"I think not."
"How long had Monsieur de Maucroix been an avowed admirer of your daughter?"
"Only a few months—since Easter, I think. My granddaughter used to see him when she was staying with her aunt."
"Could you reconcile it to your conscience to allow your grandchild to live in the house of an aunt who was leading—well, we will say a doubtful life?"
"There was no harm in my daughter's life that I knew of. Monsieur Georges may have been my daughter's husband. There is no reason that he should not have been. At her lodgings she was known as Madame Georges. It was under that name she travelled when she went abroad."
"But you had never heard of any marriage—at the Mairie or elsewhere? And, again, your daughter could not be married without your consent."
"I do not say that she had been married in France. She may have been married abroad—in England, perhaps. He took her to England soon after they became acquainted. It was the first time she left Paris with him; and until then I know she had been as distant to him as if she had been the Empress.
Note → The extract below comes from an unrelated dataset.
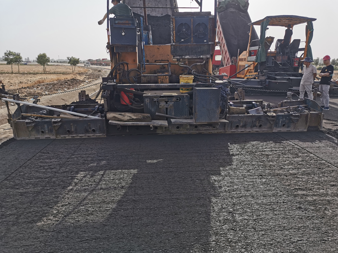 6月3日下午,在利辛S338省道,水泥稳定碎石面层试验段施工现场,随着摊铺机的一声轰鸣,第一车混合料缓缓地导入摊铺机内,利辛S338工程水泥稳定碎石面层正式拉开摊铺序幕。该摊铺段在K6+200-K6+500全幅,总长300米,压实厚度是18cm。

In England there are no obstacles to marriage; there is no one's consent to be asked."
"We will admit that a marriage in a foreign country would have been possible. But this Maxime de Maucroix, this second admirer——"
"Was only an admirer. My daughter's life was not a disreputable life. I have nothing to reproach myself with upon that score."
"Can you help us to find this man Georges, whom you suspect as the murderer? Do you know where he is to be found?"